DATA FOR PROCESSING:
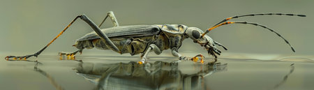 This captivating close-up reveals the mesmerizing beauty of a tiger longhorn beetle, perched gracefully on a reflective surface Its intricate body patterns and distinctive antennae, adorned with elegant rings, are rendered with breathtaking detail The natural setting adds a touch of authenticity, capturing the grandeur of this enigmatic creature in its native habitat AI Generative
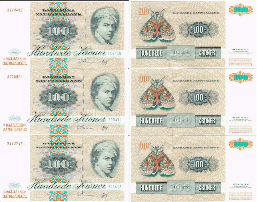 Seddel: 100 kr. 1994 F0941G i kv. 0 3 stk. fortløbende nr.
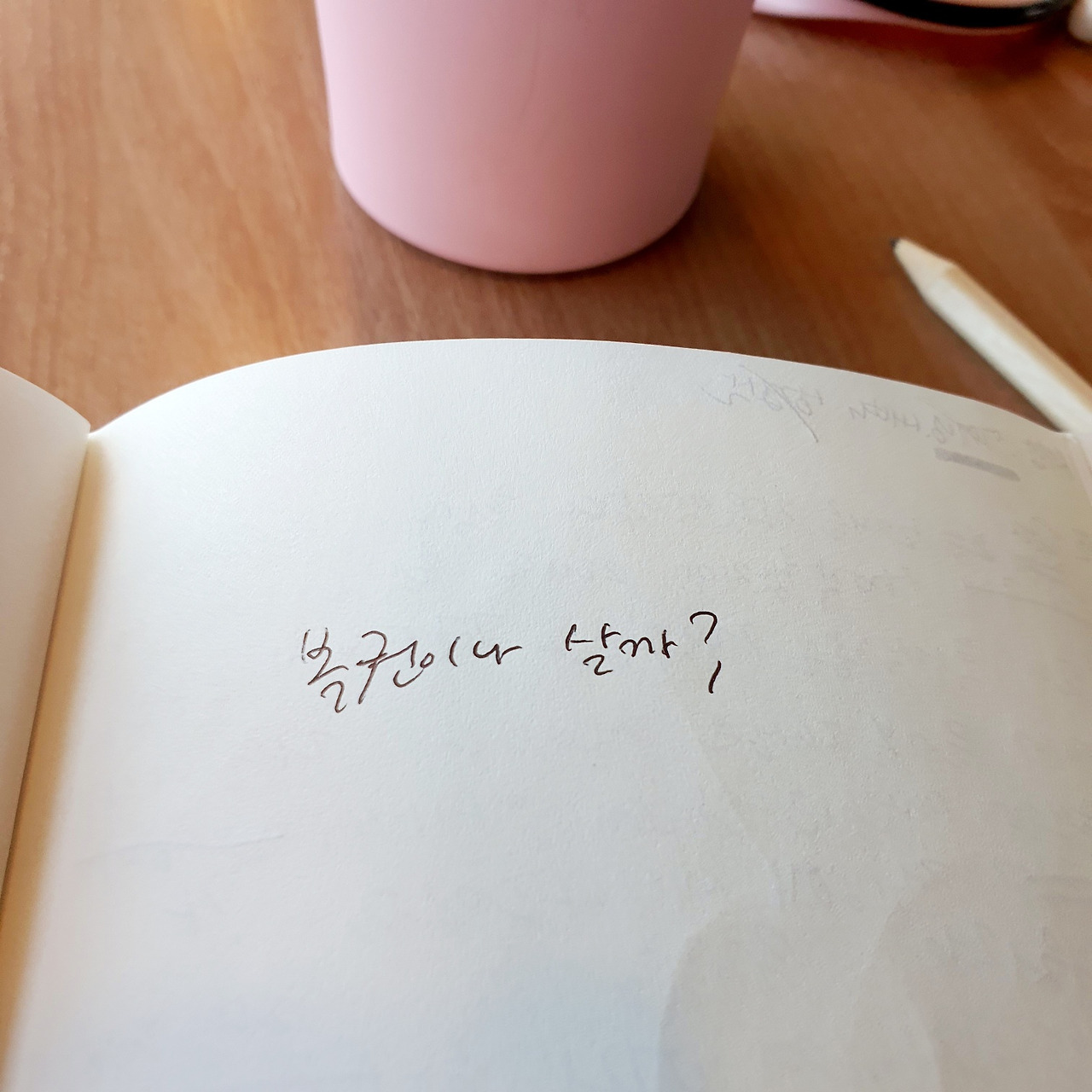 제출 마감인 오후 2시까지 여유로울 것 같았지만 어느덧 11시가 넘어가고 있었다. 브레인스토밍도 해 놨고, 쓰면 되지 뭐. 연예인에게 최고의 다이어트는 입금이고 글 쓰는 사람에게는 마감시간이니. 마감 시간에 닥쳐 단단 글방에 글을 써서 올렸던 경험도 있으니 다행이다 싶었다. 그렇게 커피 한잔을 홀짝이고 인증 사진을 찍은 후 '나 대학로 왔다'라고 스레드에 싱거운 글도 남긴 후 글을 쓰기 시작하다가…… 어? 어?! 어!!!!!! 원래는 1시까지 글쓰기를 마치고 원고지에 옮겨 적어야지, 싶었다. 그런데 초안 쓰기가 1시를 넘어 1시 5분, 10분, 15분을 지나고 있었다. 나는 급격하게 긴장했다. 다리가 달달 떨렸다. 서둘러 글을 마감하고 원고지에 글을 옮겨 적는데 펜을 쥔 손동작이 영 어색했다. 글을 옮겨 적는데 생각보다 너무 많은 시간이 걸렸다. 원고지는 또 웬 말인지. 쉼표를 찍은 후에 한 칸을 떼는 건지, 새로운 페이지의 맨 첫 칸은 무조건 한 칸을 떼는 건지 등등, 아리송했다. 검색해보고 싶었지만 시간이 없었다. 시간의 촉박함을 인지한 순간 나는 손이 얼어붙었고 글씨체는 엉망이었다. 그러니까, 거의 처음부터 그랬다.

* * *

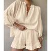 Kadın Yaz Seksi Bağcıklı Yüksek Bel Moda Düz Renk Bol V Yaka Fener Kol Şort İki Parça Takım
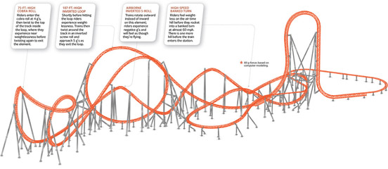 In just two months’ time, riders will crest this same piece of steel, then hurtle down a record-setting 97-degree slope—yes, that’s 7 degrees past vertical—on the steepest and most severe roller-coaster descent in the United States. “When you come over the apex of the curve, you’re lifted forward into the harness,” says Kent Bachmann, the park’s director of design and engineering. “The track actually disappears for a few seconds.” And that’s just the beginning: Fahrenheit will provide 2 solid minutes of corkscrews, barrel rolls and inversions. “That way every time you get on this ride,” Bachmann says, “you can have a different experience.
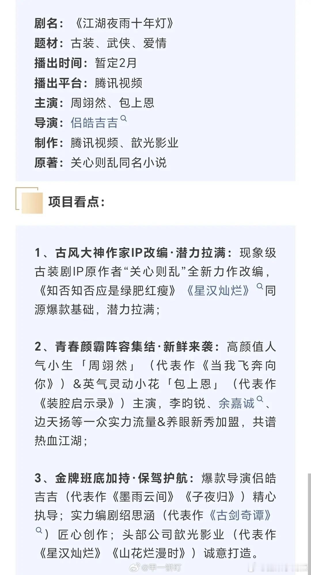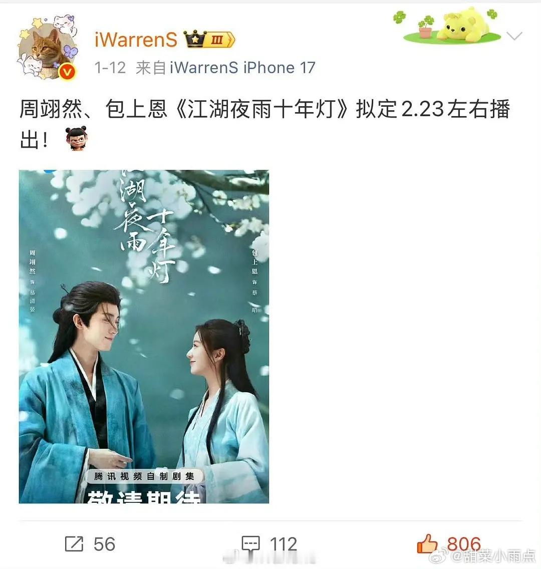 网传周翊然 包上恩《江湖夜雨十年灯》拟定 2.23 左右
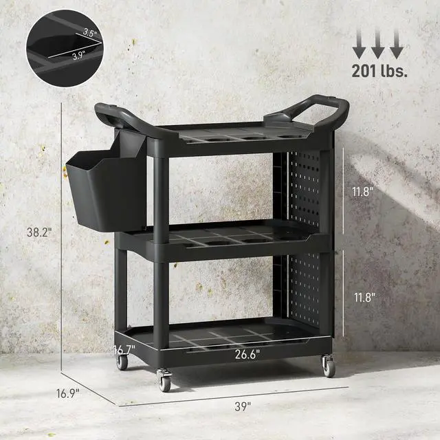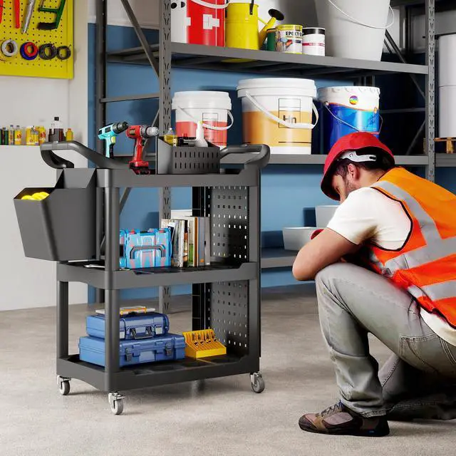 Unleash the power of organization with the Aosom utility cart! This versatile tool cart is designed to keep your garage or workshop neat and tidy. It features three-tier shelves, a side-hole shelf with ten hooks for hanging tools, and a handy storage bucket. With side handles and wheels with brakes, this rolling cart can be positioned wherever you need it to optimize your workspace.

ASSIGNED TASK: Only the lines above starting with the line with "网传周翊然 包上恩《江湖夜雨十年灯》拟定 2.23 左右" and going on through the line with "Unleash the power" belong in the answer; repeat them exactly, minus any picture.

RESPONSE:
 网传周翊然 包上恩《江湖夜雨十年灯》拟定 2.23 左右
 Unleash the power of organization with the Aosom utility cart! This versatile tool cart is designed to keep your garage or workshop neat and tidy. It features three-tier shelves, a side-hole shelf with ten hooks for hanging tools, and a handy storage bucket. With side handles and wheels with brakes, this rolling cart can be positioned wherever you need it to optimize your workspace.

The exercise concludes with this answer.